Visualizing the State of Ugi Reaction Experimentation
November 22nd, 2008
Reading through a sample of the UsefulChem Experiments / Reactions (http://usefulchem.wikispaces.com/All+Reactions) reveals the significance of the Ugi reaction. “The Ugi reaction is a multi-component reaction in organic chemistry involving a ketone or aldehyde, an amine, an isocyanide and a carboxylic acid to form a bis-amide (http://en.wikipedia.org/wiki/Ugi_reaction).” The “Applications” section of the Wikipedia page is also interesting as it describes the significance of the reaction in terms of variations of the input components. This creates a complex combinatorics problem. The space of possible input molecules may be large due to the range of molecules that can fall into the four input component categories. The input molecules should be structurally similar and they should therefore have similar functional characteristics making it possible to use predictive models to describe the products of the reaction. I am not a Chemist but that is my naive understanding of the Ugi reaction.
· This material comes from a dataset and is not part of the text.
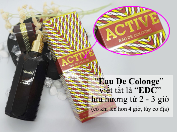 Trước đây, Eau de Cologne (EDC) hoặc viết đơn thuần là Cologne thường được dùng để chỉ các mùi hương dành cho nam giới. Ngày nay, thuật ngữ này được dùng với nghĩa rộng hơn, chỉ các mùi hương dịu nhẹ bởi chúng chỉ chứa 2 - 4% tinh chất nước hoa. Thời gian lưu hương khoảng 2 - 3 tiếng. Loại này thích hợp dùng ở nơi có khí hậu nóng. EDC được bán với dung tích lớn hơn các loại nước hoa khác với giá khá mềm.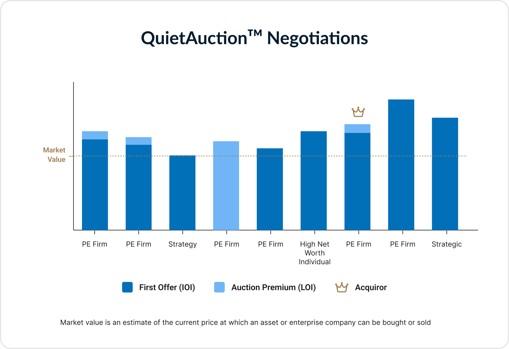 Through our proprietary QuietAuction™ process, we generated significant interest. In total, we received six indications of interest and six letters of intent.

A problem for the researcher then is to explore the combinatorial space with experimentation and then to relate the results to a theoretical understanding. Given the size of the combinatorial space a challenge is to perform enough experiments to get good coverage of the space. One view of the space could be defined in theoretical terms by identifying the range of all possible input molecules. But what is the breadth of coverage that has already been achieved though experimentation?
UsefulChem Experiment 099 (http://usefulchem.wikispaces.com/Exp099) provides a good example of a Ugi reaction. Here the links to ChemSpider provide enough information for a spider to infer that the document describes a Ugi reaction. A spider could also identify the four input components. The ketone or aldehyde component is benzaldehyde. The amine is furfurylamine. The isocyanide is tert-butyl isocyanide and the carboxylic acid is boc-glycine. The algorithms that would allow such a spider to make these inferences are an opportunity for research. In this best-case scenario where UsefulChem has linked to ChemSpider the ChemSpider record could be pulled via their web services layer. The InChI string should hold enough structural information for an algorithm to verify that the molecules fall into the necessary input component categorizations.
This hypothetical spider could then collect reaction information from open-notebook entries, journal articles, patents and other reports. In the cases where a Ugi reaction and its component molecules can be identified they might be cross-referenced with ChemSpider to collect property information. Such a dataset could be used to create a map of the coverage of the Ugi reaction space. The map could be annotated with references to the source reports that describe the reaction.
There are many possibilities for how such a map could be drawn. One technique might be to create four scatter plots, one for each set of the input components. A dimensionality reduction technique such as multi-dimensional scaling might be performed on the property information for each component set to get it down to x and y coordinates. Rendering all four scatter plots in a three-dimensional space would allow for lines to be drawn connecting the points across the plots. These lines would represent individual Ugi reactions that have been performed and documented. An example of this kind of visualization is the “3D Parallel Coordinates” view as described at (http://bdtnp.lbl.gov/Fly-Net/content/bid/pcx/ParallelCoordinates/ParallelCoordinates.html).
A 3D Parallel Coordinates View, or similar such visualization, of the state of Ugi reaction experiments could be a useful tool for researchers. The visualization would allow a researcher to situate their experiment in the context of existing work. This would provide a unique perspective that could not be obtained by simple keyword search or other existing literature and web search techniques. It would also provide insight to a modeler who was trying to refine theoretical chemical combinatorics models with experimental results. Additionally it might help to highlight outliers and other unexpected results that should be attended to.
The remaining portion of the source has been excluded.